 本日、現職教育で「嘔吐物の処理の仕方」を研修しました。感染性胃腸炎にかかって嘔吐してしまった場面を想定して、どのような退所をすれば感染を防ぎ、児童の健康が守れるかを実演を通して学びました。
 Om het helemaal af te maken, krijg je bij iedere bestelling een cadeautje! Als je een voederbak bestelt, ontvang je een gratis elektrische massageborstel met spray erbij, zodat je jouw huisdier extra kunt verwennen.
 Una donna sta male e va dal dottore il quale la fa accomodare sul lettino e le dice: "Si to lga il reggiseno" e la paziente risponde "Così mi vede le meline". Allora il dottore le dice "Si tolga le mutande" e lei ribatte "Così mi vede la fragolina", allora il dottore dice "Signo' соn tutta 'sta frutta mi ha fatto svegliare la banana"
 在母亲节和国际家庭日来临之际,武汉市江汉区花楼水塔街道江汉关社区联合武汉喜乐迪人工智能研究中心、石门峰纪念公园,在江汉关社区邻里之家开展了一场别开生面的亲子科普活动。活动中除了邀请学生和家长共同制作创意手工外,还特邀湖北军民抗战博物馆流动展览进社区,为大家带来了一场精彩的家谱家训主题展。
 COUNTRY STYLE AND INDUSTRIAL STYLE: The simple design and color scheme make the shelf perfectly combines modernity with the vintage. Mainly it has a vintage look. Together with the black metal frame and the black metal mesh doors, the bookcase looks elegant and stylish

____

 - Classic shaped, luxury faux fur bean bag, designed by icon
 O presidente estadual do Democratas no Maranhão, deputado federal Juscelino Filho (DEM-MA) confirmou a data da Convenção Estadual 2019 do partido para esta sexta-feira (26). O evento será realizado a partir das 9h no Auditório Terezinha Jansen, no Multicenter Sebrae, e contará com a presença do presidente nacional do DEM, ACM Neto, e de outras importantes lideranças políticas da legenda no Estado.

____

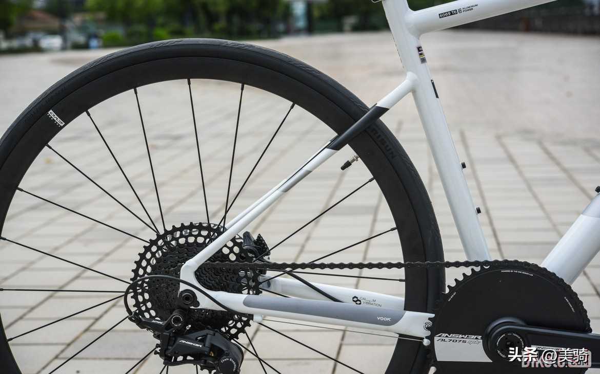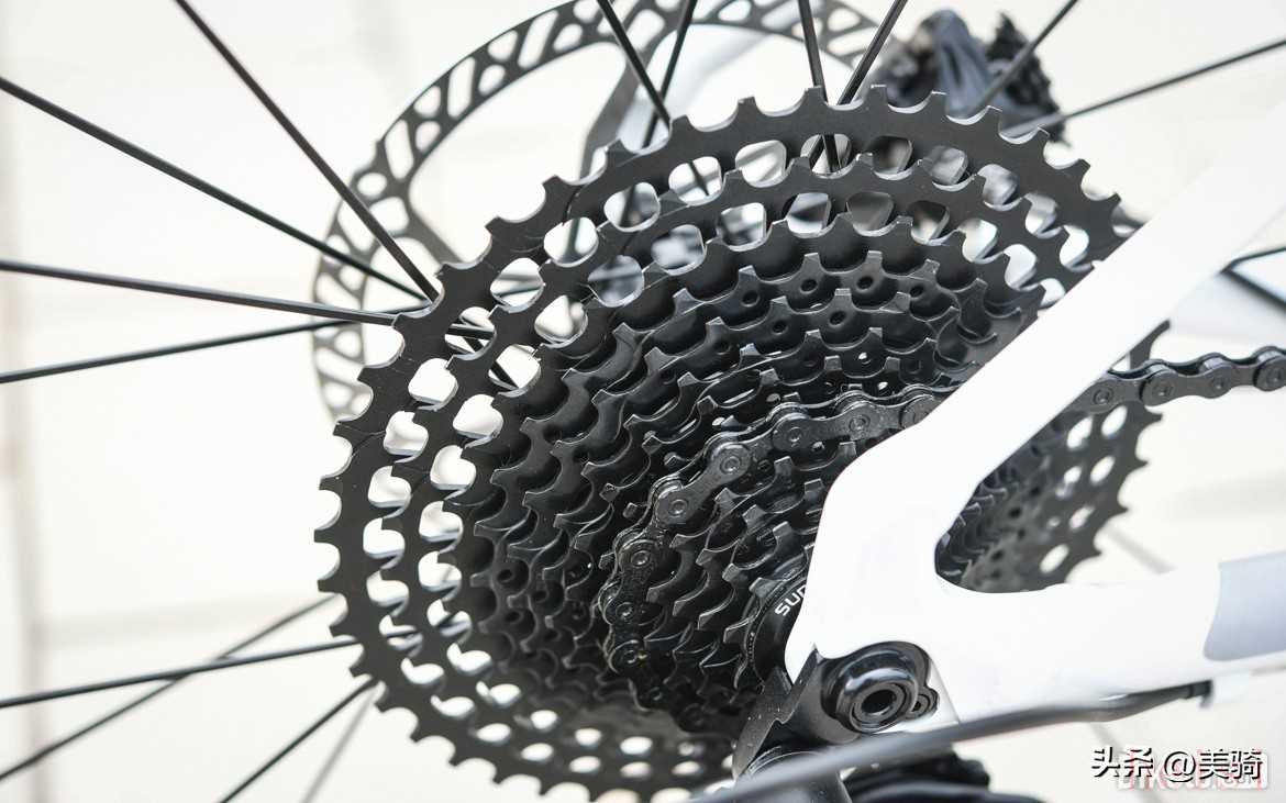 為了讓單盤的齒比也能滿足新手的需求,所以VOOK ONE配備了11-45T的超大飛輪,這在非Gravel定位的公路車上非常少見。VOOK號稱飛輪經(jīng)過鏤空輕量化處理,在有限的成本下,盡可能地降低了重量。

____

#### What this task involves:
Please transcribe exactly the lines above from the line that has "本日、現職教育で「嘔吐物の処" up to and including the line that has "COUNTRY STYLE AND"; no other line belongs in the answer.

#### Exercise solution:
 本日、現職教育で「嘔吐物の処理の仕方」を研修しました。感染性胃腸炎にかかって嘔吐してしまった場面を想定して、どのような退所をすれば感染を防ぎ、児童の健康が守れるかを実演を通して学びました。
 Om het helemaal af te maken, krijg je bij iedere bestelling een cadeautje! Als je een voederbak bestelt, ontvang je een gratis elektrische massageborstel met spray erbij, zodat je jouw huisdier extra kunt verwennen.
 Una donna sta male e va dal dottore il quale la fa accomodare sul lettino e le dice: "Si to lga il reggiseno" e la paziente risponde "Così mi vede le meline". Allora il dottore le dice "Si tolga le mutande" e lei ribatte "Così mi vede la fragolina", allora il dottore dice "Signo' соn tutta 'sta frutta mi ha fatto svegliare la banana"
 在母亲节和国际家庭日来临之际,武汉市江汉区花楼水塔街道江汉关社区联合武汉喜乐迪人工智能研究中心、石门峰纪念公园,在江汉关社区邻里之家开展了一场别开生面的亲子科普活动。活动中除了邀请学生和家长共同制作创意手工外,还特邀湖北军民抗战博物馆流动展览进社区,为大家带来了一场精彩的家谱家训主题展。
 COUNTRY STYLE AND INDUSTRIAL STYLE: The simple design and color scheme make the shelf perfectly combines modernity with the vintage. Mainly it has a vintage look. Together with the black metal frame and the black metal mesh doors, the bookcase looks elegant and stylish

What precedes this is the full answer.